To do: Please write out the full listing beneath this line exactly, skipping its images.

Stored data:
————————

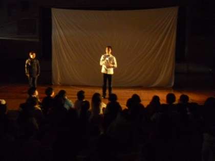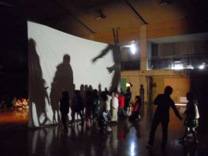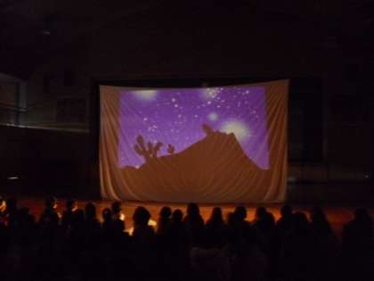 影絵の劇団「かかし座」がきて、体験授業を行いました。
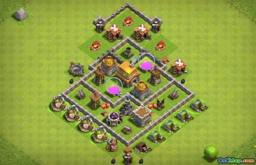 Cộng đồng Clash of Clans tích cực chia sẻ các bố cục cơ sở khác nhau cho Tòa thị chính 5, phục vụ cho các phong cách chơi và mục tiêu chơi khác nhau. Người chơi thường tìm kiếm các thiết kế cụ thể cho các làng quê của họ nhấn mạnh phòng thủ, bảo vệ tài nguyên hoặc kết hợp cả hai. Vị trí của tòa thị chính, cùng với sự sắp xếp chiến lược của các bức tường và các cấu trúc phòng thủ, đóng một vai trò quan trọng trong việc một căn cứ có thể chống lại các cuộc tấn công tốt như thế nào từ những người chơi khác. Bố cục cơ sở tốt có thể cải thiện đáng kể cơ hội thành công của người chơi trong các trận chiến, do đó, người chơi thường tìm kiếm bản đồ cập nhật và hiệu quả.
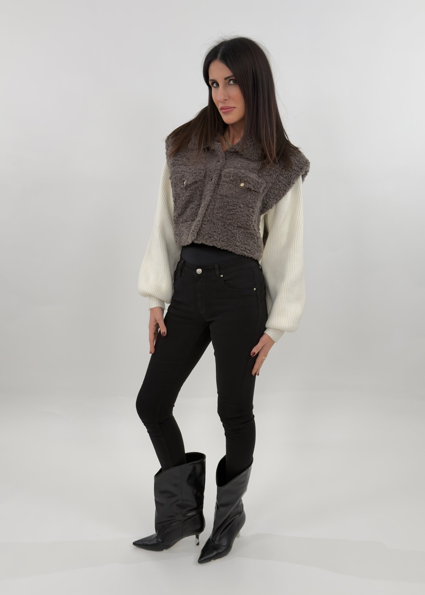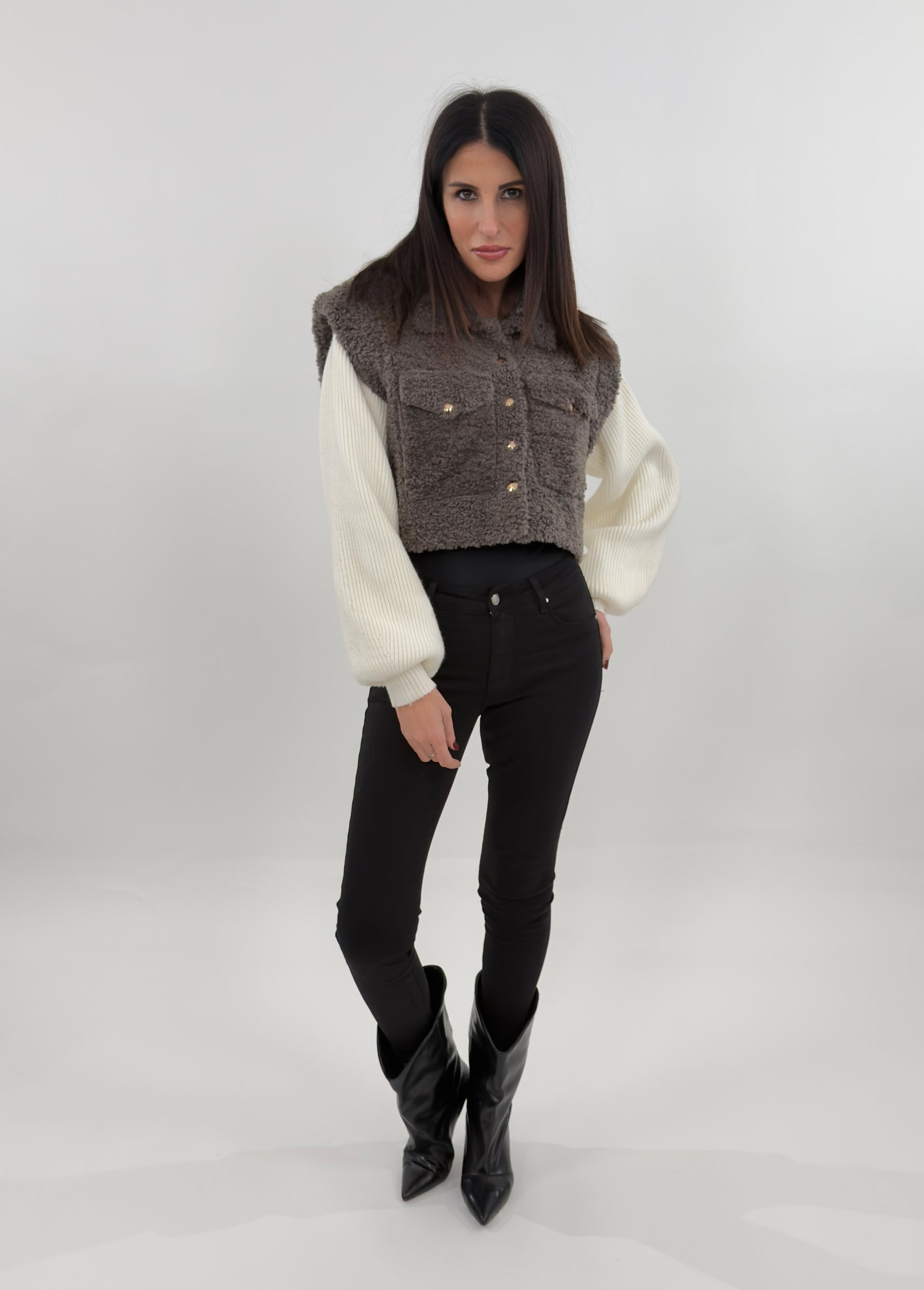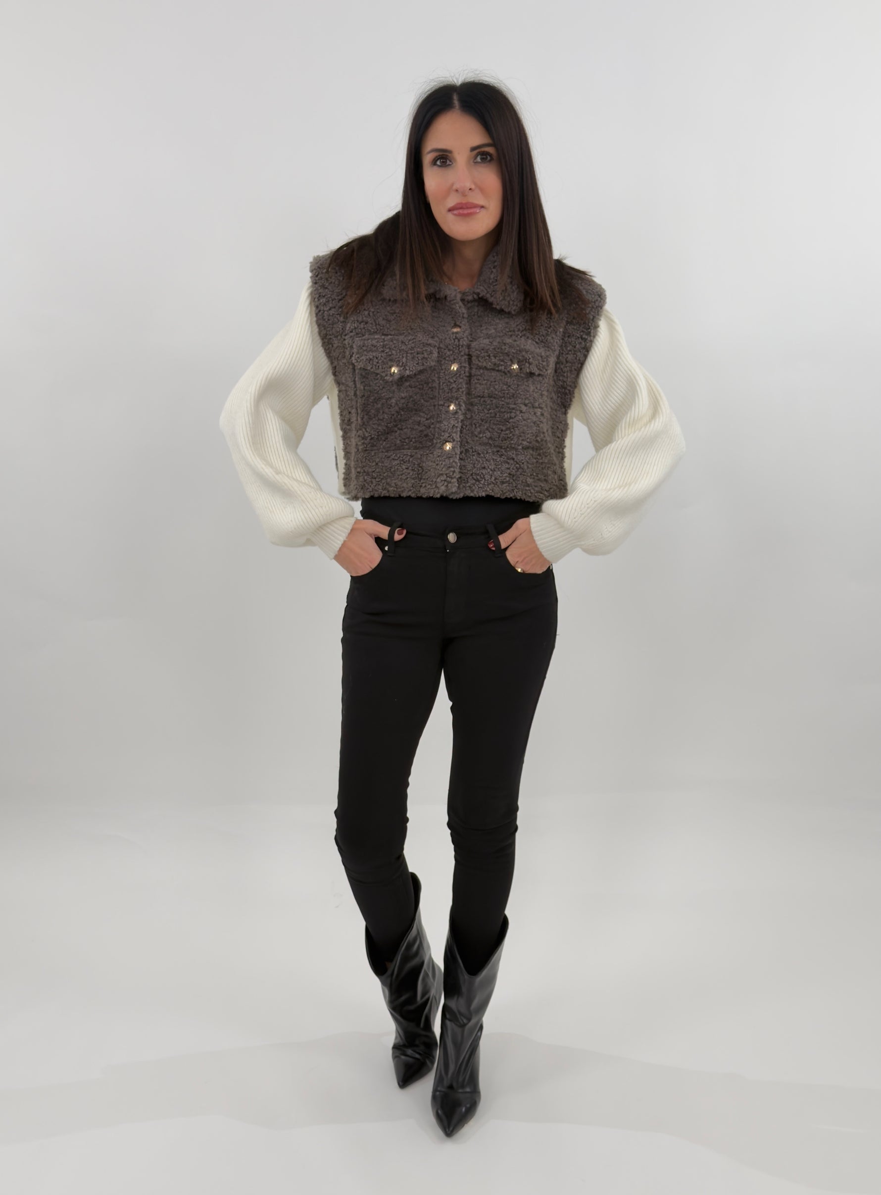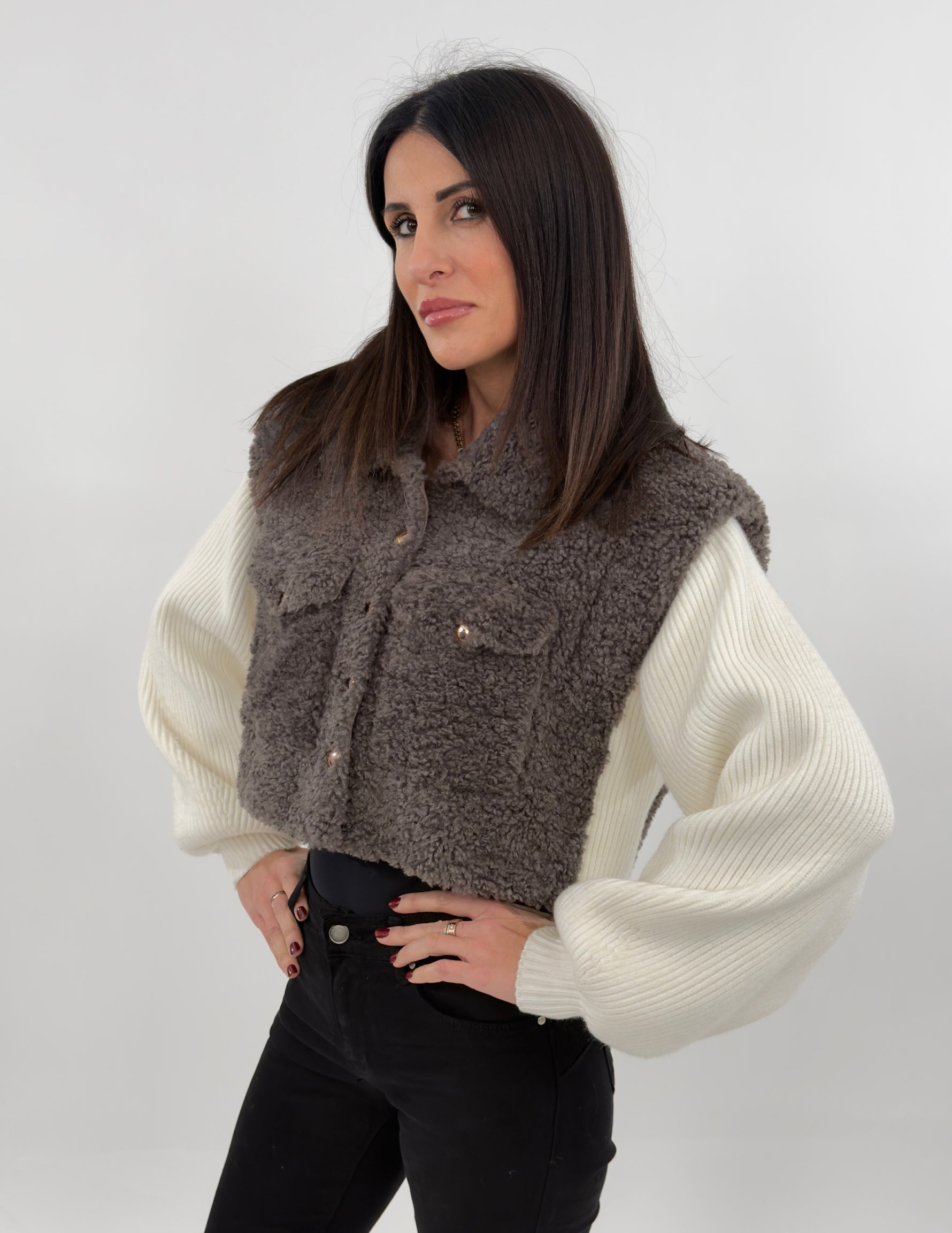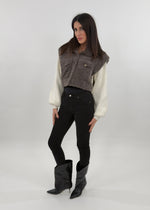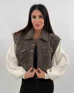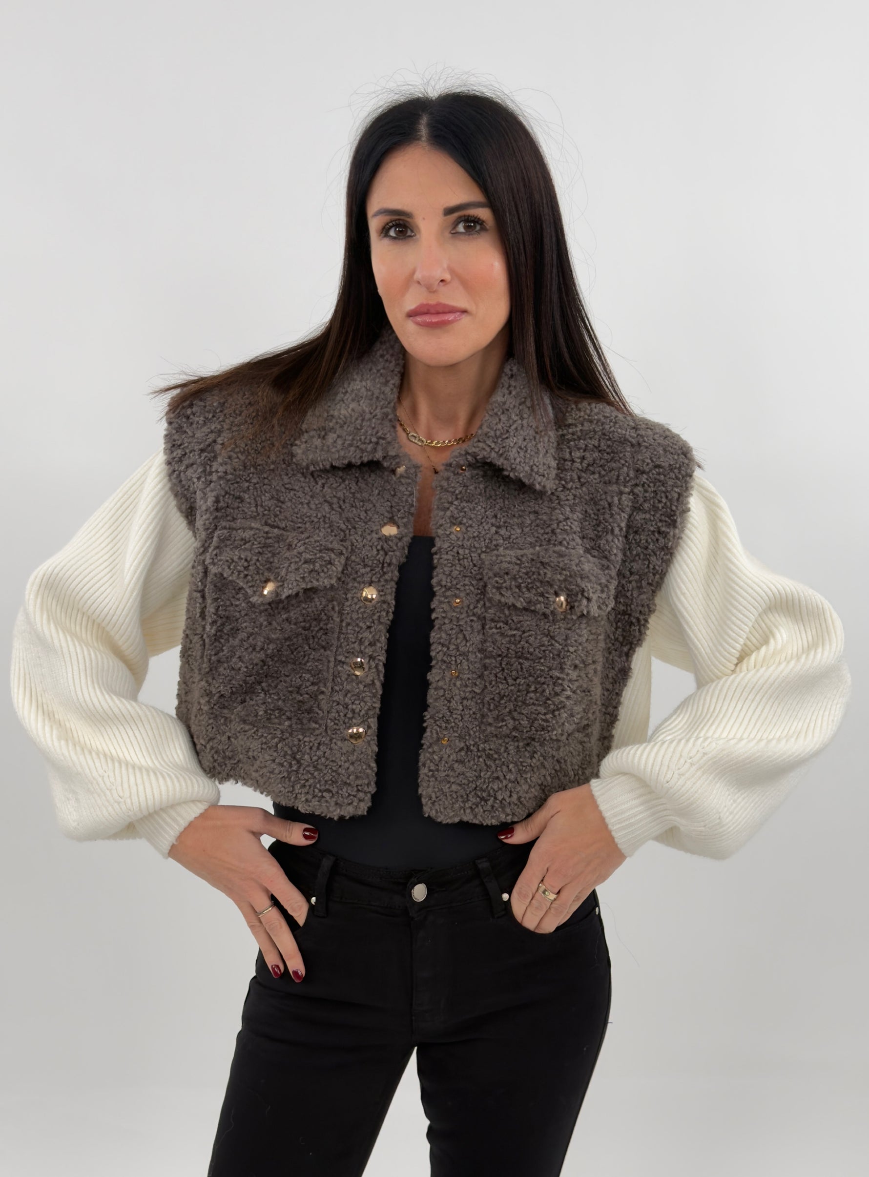 Giubbotto sfoderato modello crop in effetto teddy. Si presenta con maniche lunghe in maglia a costine a contrasto con il corpo in tessuto teddy. Chiusura frontali con bottoni a pressione e tasche applicate sul petto.

————————

Answer to the problem:
 影絵の劇団「かかし座」がきて、体験授業を行いました。
 Cộng đồng Clash of Clans tích cực chia sẻ các bố cục cơ sở khác nhau cho Tòa thị chính 5, phục vụ cho các phong cách chơi và mục tiêu chơi khác nhau. Người chơi thường tìm kiếm các thiết kế cụ thể cho các làng quê của họ nhấn mạnh phòng thủ, bảo vệ tài nguyên hoặc kết hợp cả hai. Vị trí của tòa thị chính, cùng với sự sắp xếp chiến lược của các bức tường và các cấu trúc phòng thủ, đóng một vai trò quan trọng trong việc một căn cứ có thể chống lại các cuộc tấn công tốt như thế nào từ những người chơi khác. Bố cục cơ sở tốt có thể cải thiện đáng kể cơ hội thành công của người chơi trong các trận chiến, do đó, người chơi thường tìm kiếm bản đồ cập nhật và hiệu quả.
 Giubbotto sfoderato modello crop in effetto teddy. Si presenta con maniche lunghe in maglia a costine a contrasto con il corpo in tessuto teddy. Chiusura frontali con bottoni a pressione e tasche applicate sul petto.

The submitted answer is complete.